Re: Physical shutdown of one node causes both node to crash in active/passive configuration of 2 node RHEL cluster

[Date Prev][Date Next][Thread Prev][Thread Next][Date Index][Thread Index]

 



Digimer,

I have applied the changes but looks like it goes into fence loop. That means when node 1 is running cman and when  reboot node2, it fences node1 and they get into a loop

1) On both nodes acpid is off

 krplporcl001 ~]# service acpid status
  acpid is stopped

 krplporcl002 ~]# service acpid status
acpid is stopped

2)  Changes in cluster .conf <

<clusternode name= "krplporcl001"  nodeid="1" >
           <fence>
               <method name  = "1">
                 <device lanplus = "" name="inspuripmi" delay ="15"  action ="">
                 </method>
            </fence>
           </clusternode>
            <clusternode name = "krplporcl002" nodeid="2">
                 <fence>


3) Bonding uses mode = 1 only

on krplporcl001 : 

DEVICE=bond0
IPADDR=192.168.10.10
NETMASK=255.255.255.0
NETWORK=192.168.10.0
BROADCAST=192.168.10.255
BOOTPROTO=none
Type=Ethernet
_ONBOOT_=yes
BONDING_OPTS='miimon=100 mode=1'

on krplporcl002

DEVICE=bond0
IPADDR=192.168.10.11
NETMASK=255.255.255.0
NETWORK=192.168.10.0
BROADCAST=192.168.10.255

BOOTPROTO=none
Type=Ethernet
_ONBOOT_=yes
BONDING_OPTS='miimon=100 mode=1'
~
4) I have put one switch as sivaji suggested

As soon as 
The logs on klrplporcl001 are as follows
Sep 10 11:47:53 krplporcl001 fenced[5977]: fencing node krplporcl002

The logs on krplporcl002 are as follows :

Sep 10 11:46:48 krplporcl002 fenced[2950]: fencing node krplporcl001

I am not sure why the network is breaking and why both nodes can not communicate with each other?

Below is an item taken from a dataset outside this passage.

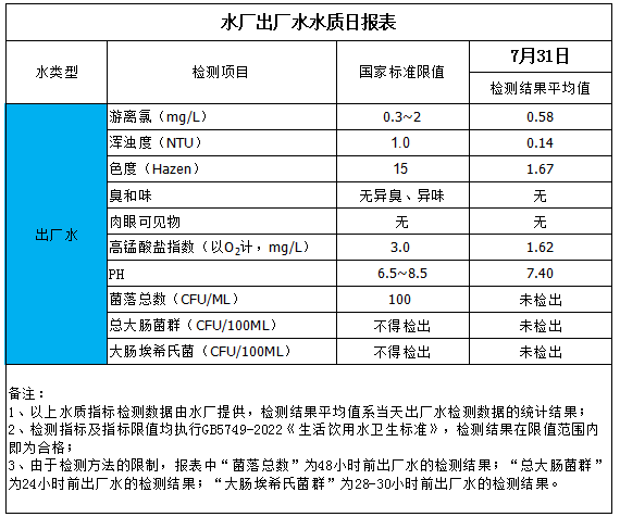 水厂出厂水水质日报表(2025-7-31)

Any places to look for logs etc? 



On Wed, Sep 10, 2014 at 11:28 AM, Amjad Syed <amjadcsu@xxxxxxxxx> wrote:


On Tue, Sep 9, 2014 at 11:53 AM, Digimer <lists@xxxxxxxxxx> wrote:
On 09/09/14 03:14 AM, Amjad Syed wrote:
<device lanplus = "" name="inspuripmi"  action ="">

Something is breaking the network during the shutdown, a fence is being called and both nodes are killing the other, causing a dual fence. So you have a set of problems, I think.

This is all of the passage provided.